[Start of section]

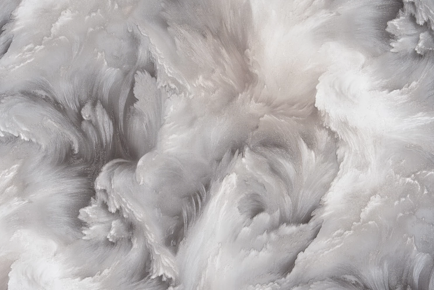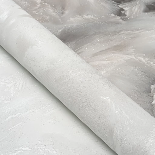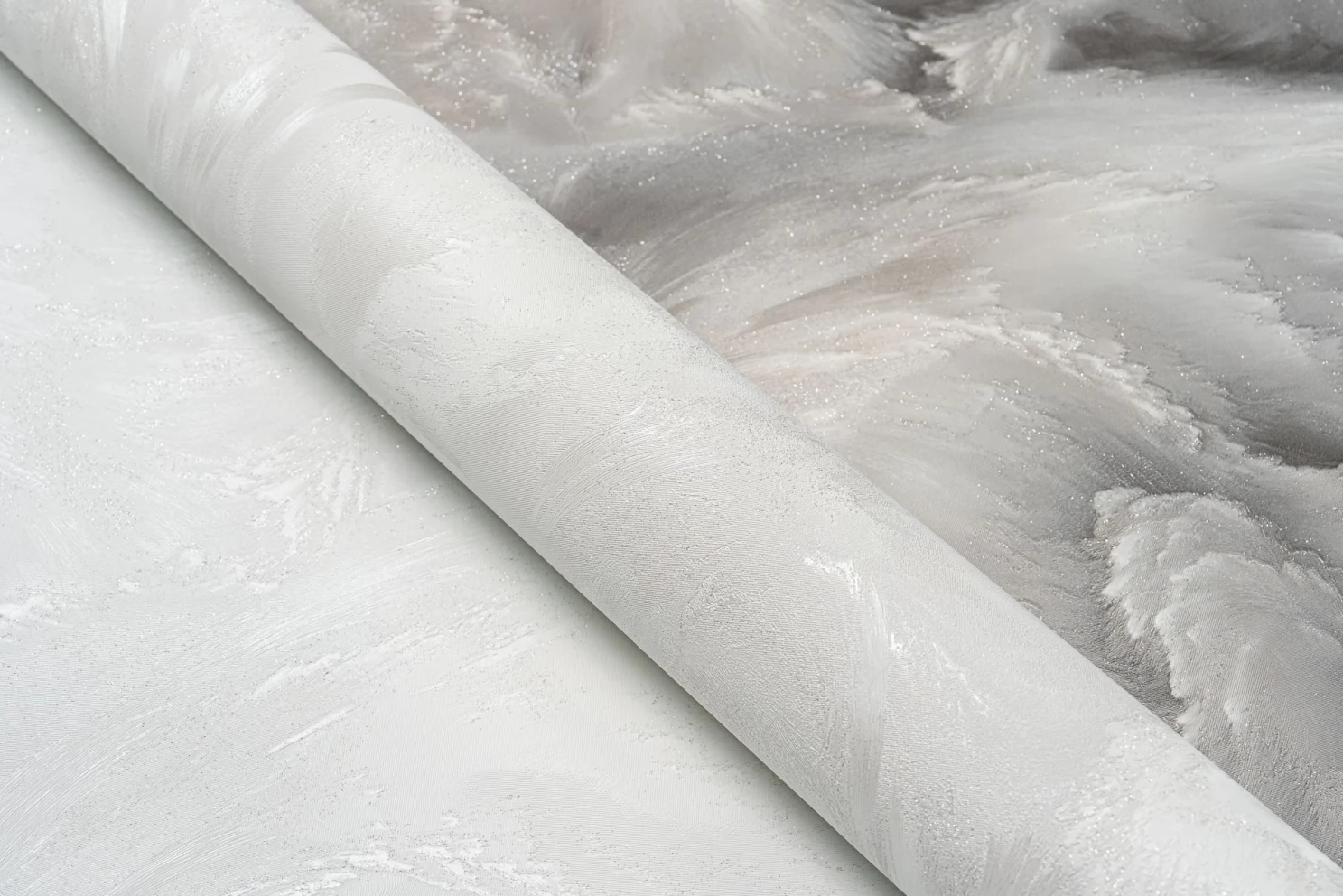 Wysokiej jakości winylowa, zmywalna tapeta. Wzór przedstawiający dekoracyjną abstrakcję przypominającą fale w odcieniach szarości i beżu z połyskującym opalizującym brokatem. Struktura tapety odzwierciedla ułożenie wzoru.
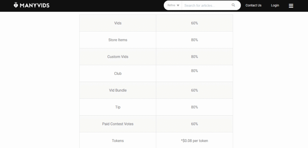 Комиссии ManyVids
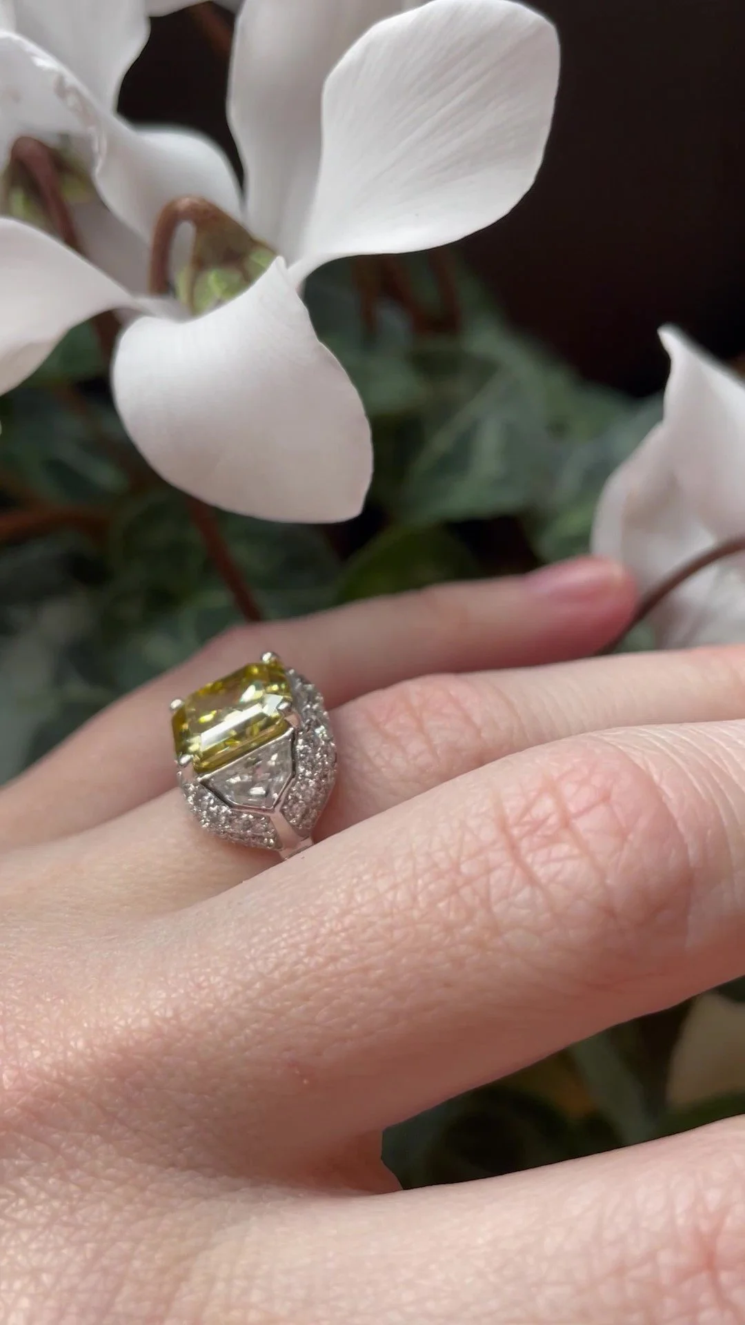 A showstopping diamond and Moissanite ring, with a central yellow asscher-cut Moissanite flanked by shield-cut Moissanite stones, surrounded with a diamond pave halo and claw set diamonds down the platinum band.
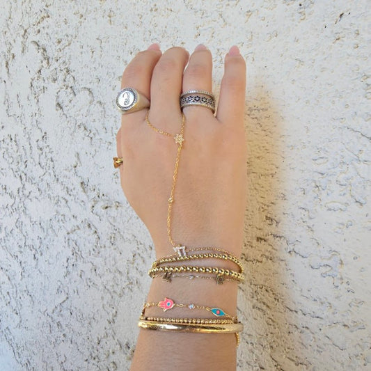 Chai and Star of David Hand Chain Bracelet with Gemstones
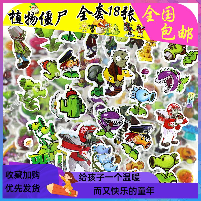 Детская мультяшная наклейка, растения против зомби, трехмерные наклейки, 3D
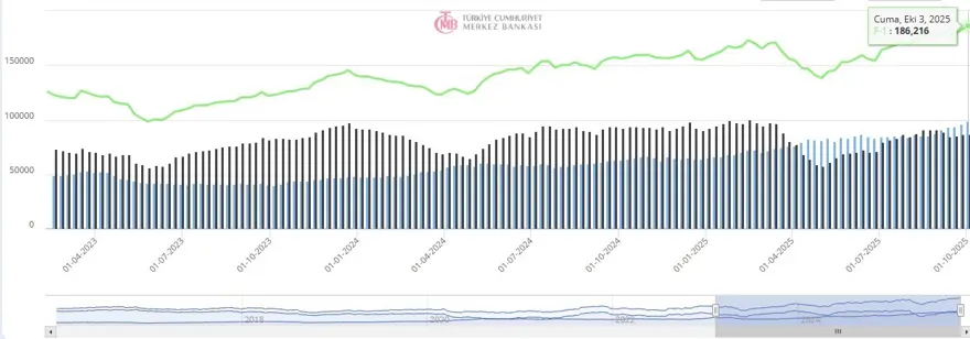 Döviz rezervleri 86 milyar 699 milyon dolardan 87 milyar 27 milyon dolara yükseldi.
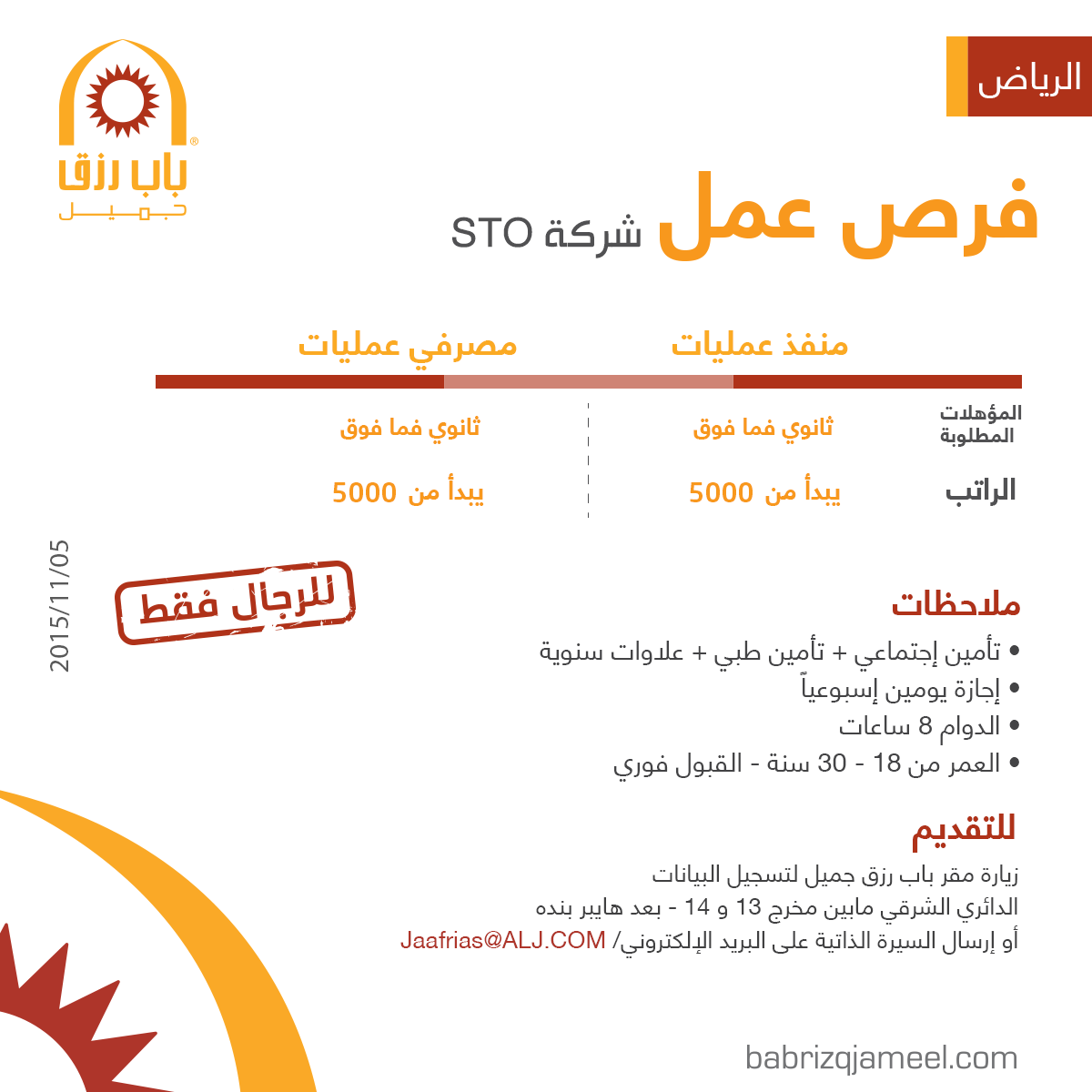 باب رزق جميل للتوظيف. المسمى الوظيفي مقر الاقامة الجهة تاريخ الأعلان. كشف باب رزق جميل للتوظيف في بيان رسمي عن طرح عدد من الوظائف الشاغرة لكافة المواطنين السعوديين وذلك تحت مسمي موظفين خدمة عملاء عبر الهاتف للرجال والنساء في العاصمة السعودية ارياض. أعلن باب رزق جمیل عن توفر وظائف شاغرة للرجال للعمل في مختلف مدن المملكة بمسمى مندوب توصيل وفق الشروط. قامت شركة باب رزق جميل للتوظيف بتوفير 51 499 فرصة عمل في محتلف مجالات الأعمال في السعودية في عام 2017 وهو ازدياد بمعدل 18 عن نتائج العام السابق.

[End of section]

**EXERCISE INSTRUCTIONS:**
Would you print all of the material exactly as written, minus the pictures?

**RESPONSE AREA:**
 Wysokiej jakości winylowa, zmywalna tapeta. Wzór przedstawiający dekoracyjną abstrakcję przypominającą fale w odcieniach szarości i beżu z połyskującym opalizującym brokatem. Struktura tapety odzwierciedla ułożenie wzoru.
 Комиссии ManyVids
 A showstopping diamond and Moissanite ring, with a central yellow asscher-cut Moissanite flanked by shield-cut Moissanite stones, surrounded with a diamond pave halo and claw set diamonds down the platinum band.
 Chai and Star of David Hand Chain Bracelet with Gemstones
 Детская мультяшная наклейка, растения против зомби, трехмерные наклейки, 3D
 Döviz rezervleri 86 milyar 699 milyon dolardan 87 milyar 27 milyon dolara yükseldi.
 باب رزق جميل للتوظيف. المسمى الوظيفي مقر الاقامة الجهة تاريخ الأعلان. كشف باب رزق جميل للتوظيف في بيان رسمي عن طرح عدد من الوظائف الشاغرة لكافة المواطنين السعوديين وذلك تحت مسمي موظفين خدمة عملاء عبر الهاتف للرجال والنساء في العاصمة السعودية ارياض. أعلن باب رزق جمیل عن توفر وظائف شاغرة للرجال للعمل في مختلف مدن المملكة بمسمى مندوب توصيل وفق الشروط. قامت شركة باب رزق جميل للتوظيف بتوفير 51 499 فرصة عمل في محتلف مجالات الأعمال في السعودية في عام 2017 وهو ازدياد بمعدل 18 عن نتائج العام السابق.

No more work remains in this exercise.